The area of a 300' by 400' rectangle is doubled by adding a strip of width around the perimeter. Approximately how wide is that strip?

old area = 300*400 = 120 000

new area = 240 000

(300+2x)(400+2x) = 240000
120000+1400x + 4x^2 = 240000
simplify and divide by 4.

x^2 + 350x - 30000 = 0
x = (-350 ± √242500)/2
= appr 71.22 or some negative which we will reject

To solve this problem, we need to find the width of the strip that is added to the perimeter of the rectangle.

First, let's calculate the area of the original rectangle without the strip. The area of a rectangle is calculated by multiplying its length by its width. In this case, the length is 300 feet and the width is 400 feet.

Original area = Length * Width
Original area = 300 feet * 400 feet
Original area = 120,000 square feet

Now, let's find the area of the enlarged rectangle after the strip is added. The enlarged rectangle has twice the area of the original rectangle.

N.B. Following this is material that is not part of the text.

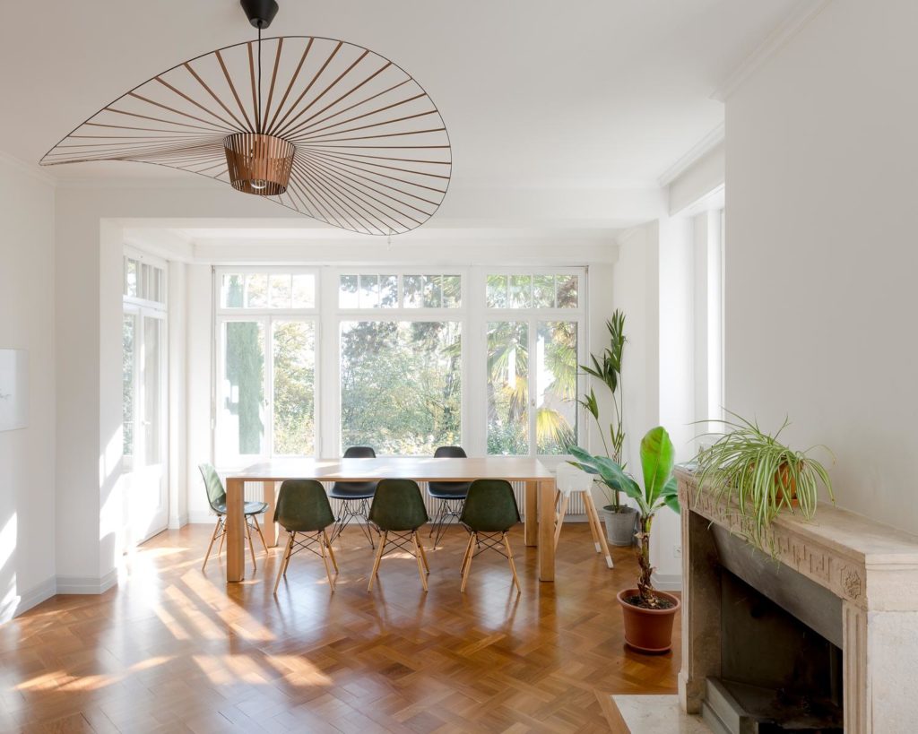 La maison s’est divisée en trois lots distincts: l’appartement des propriétaires (rez et premier étage), un appartement indépendant de 2 pièces (au niveau inférieur) avec accès direct au jardin, et dans les combles, deux chambres de bonne ont été reconfigurées pour obtenir un mini-appartement avec vue sur le lac.

Enlarged area = 2 * Original area
Enlarged area = 2 * 120,000 square feet
Enlarged area = 240,000 square feet

The strip is added around the perimeter, which means it contributes to both the length and width. Let's assume the width of the strip is x feet. Therefore, the new length and width of the enlarged rectangle would be:

New length = Length + 2 * x
New width = Width + 2 * x

The area of the enlarged rectangle can also be calculated using these new length and width:

Enlarged area = New length * New width
240,000 square feet = (300 feet + 2x) * (400 feet + 2x)

Now, we have a quadratic equation. We can expand and solve it to find the value of x, which will give us the width of the strip.

240,000 square feet = (300 feet + 2x) * (400 feet + 2x)
240,000 square feet = 120,000 square feet + 600 feet * x + 800 feet * x + 4x^2
240,000 square feet = 120,000 square feet + 1,400 feet * x + 4x^2

Rearranging the equation:

4x^2 + 1,400 feet * x + 120,000 square feet - 240,000 square feet = 0
4x^2 + 1,400 feet * x - 120,000 square feet = 0

Next, we can solve this quadratic equation using methods like factoring, completing the square, or the quadratic formula.

By solving this quadratic equation, you can find the value of x, which will give you the approximate width of the strip.